[FOM] New Umbrella?

David Posner dposner at sbcglobal.net
Tue Oct 28 20:09:21 EDT 2014


I think it's pretty obvious that this discussion is not really about which formal system can formalize what.  I think people are pretty clear about that.  Nor is the discussion about the practicality of the competing systems.  It's ridiculous to believe that the HoTT people have spent all this effort on a system that doesn't make their lives easier.  The discussion is about the religion of mathematics.  The HoTT people will naturally want to claim that HoTT provides a superior FOM.  Just as naturally, people invested in the set theoretic FOM are going to object to this claim.  Jobs are at stake!  Formerly respectable mathematicians might have to become programmers or something awful like that.  Professor Awodey you shouldn't be shocked when the discussion gets a little hot.  What's frustrating is that the proponents of HoTT are beating around the bush trying to reduce the fundamental question about God the Universe and everything to picayune technical
 issues.  So tell us HoTT people: why should mathematicians believe in the HoTT version of the mathematical universe.  In particular why should I want to live in a world without real models?

On Tuesday, October 28, 2014 11:56 AM, Monroe Eskew <meskew at math.uci.edu> wrote:
 




On Oct 27, 2014, at 6:23 AM, Urs Schreiber <urs.schreiber at googlemail.com> wrote:
>
>I started my replies to your question of what the point of HoTT is by
>saying clearly that the point is that some important high-level part
>of modern mathematics is formalized more naturally in HoTT in a way
>that makes it more practicable for actual formalization. You keep
>saying things that make it sound as if you were debating with somebody
>who claimed that HoTT had in-principle advantages over set theory. By
>established theorems however [1], this is not so.
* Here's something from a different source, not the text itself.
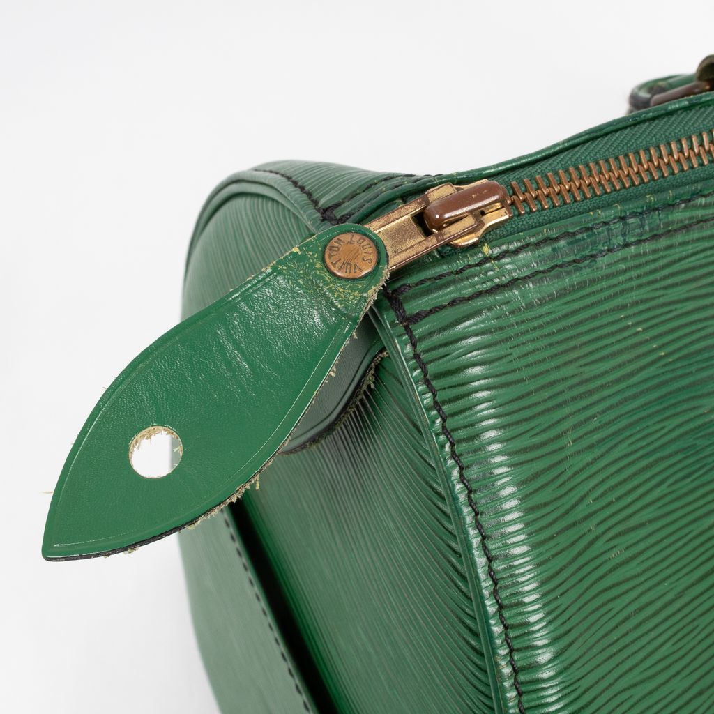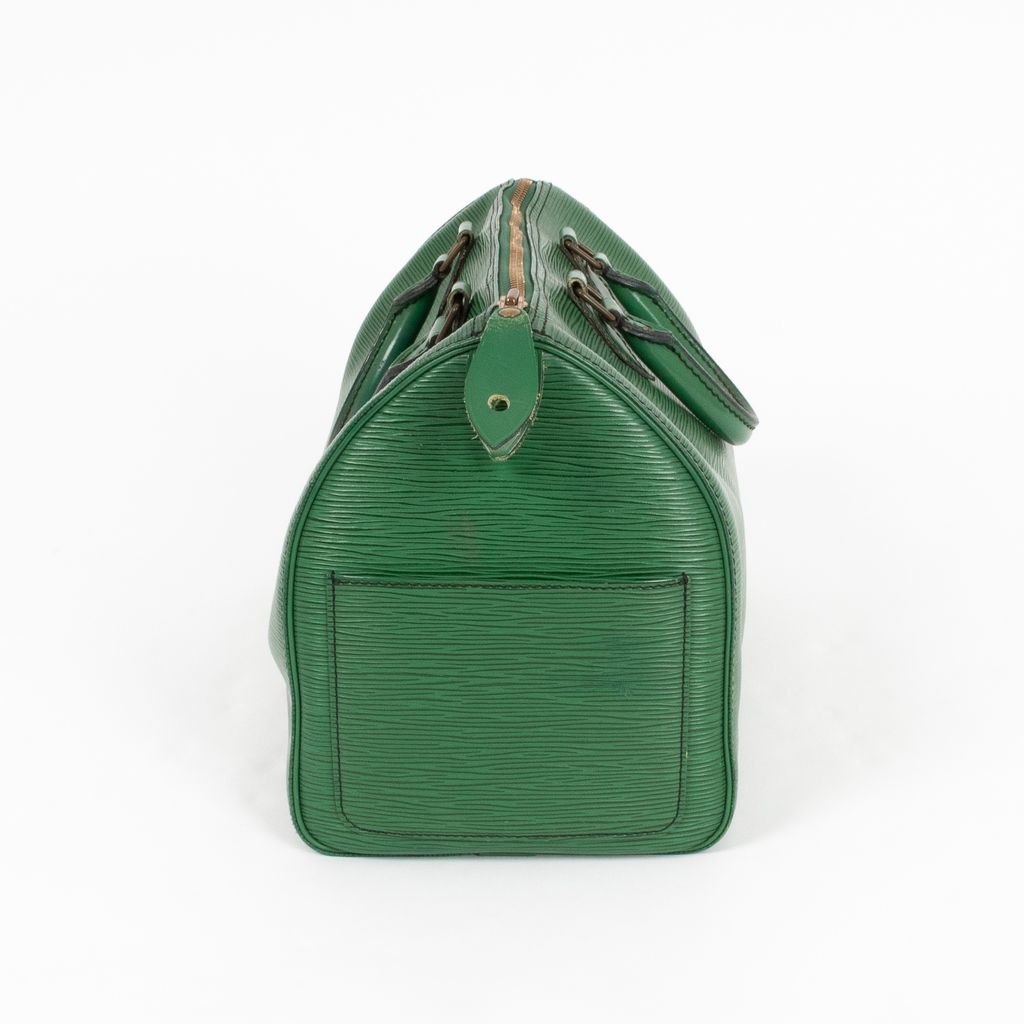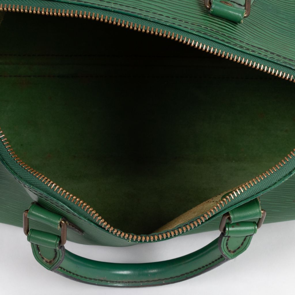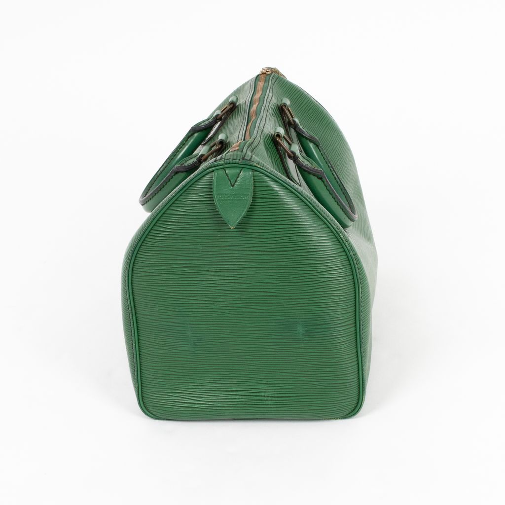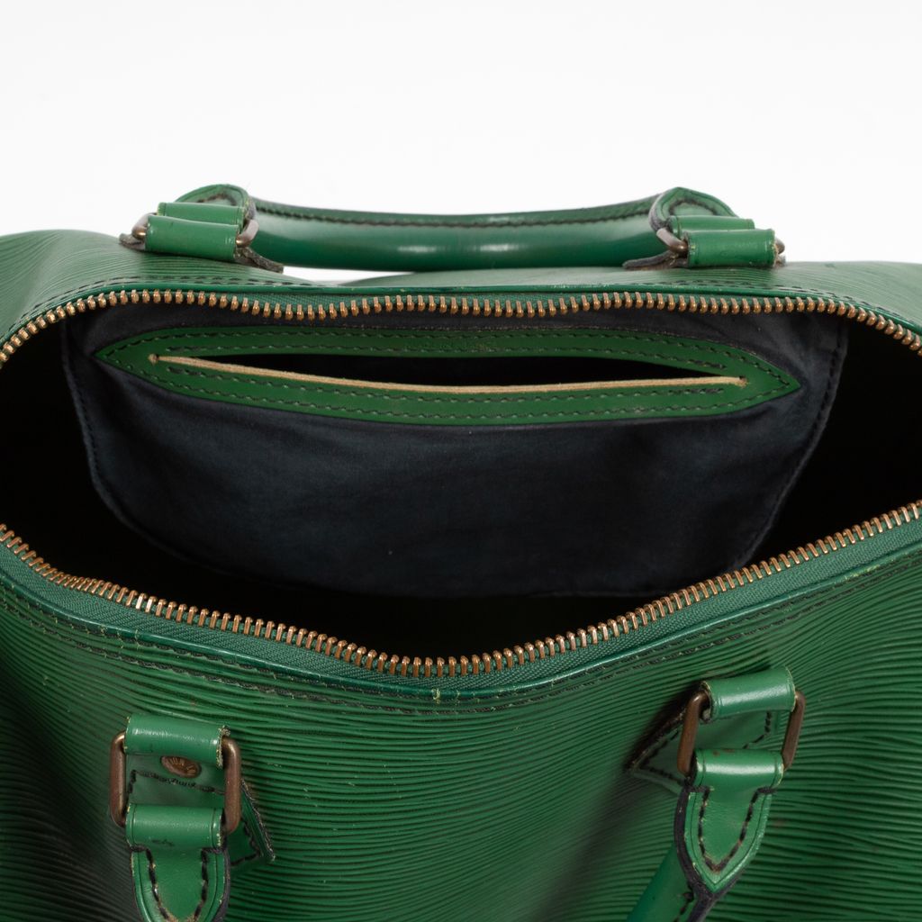 This mini duffle style purse from Louis Vuitton is a fun carryall for any season. Features grooved leather body with LV embossed monogram on front, zip top closure with leather pull tab, single side pocket, set of top handles for carrying, and small inner pocket.

HoTT is modeled in
>ZFC+inaccesbibles and, conversely, (constructive) set theory may be
>found in HoTT, so by established theorems one may go back and forth,
>subject to some technical fine print.  There is nothing much to be
>debated here, it seems to me.
>

This point should ultimately eliminate any advantage in formalization that HoTT has over set theory.  If we want our mathematics to be completely formalized in the official language of set theory, with the ZFC axioms and some mild large cardinals, and the deduction rules of FOL, then we only need to complete one project in order to co-opt all the formal advantages of HoTT.  Just produce a formal proof that ZFC+inaccessibles (naturally) interprets HoTT, and then apply this result to any future deductions from HoTT.  Maybe this is actually worth doing!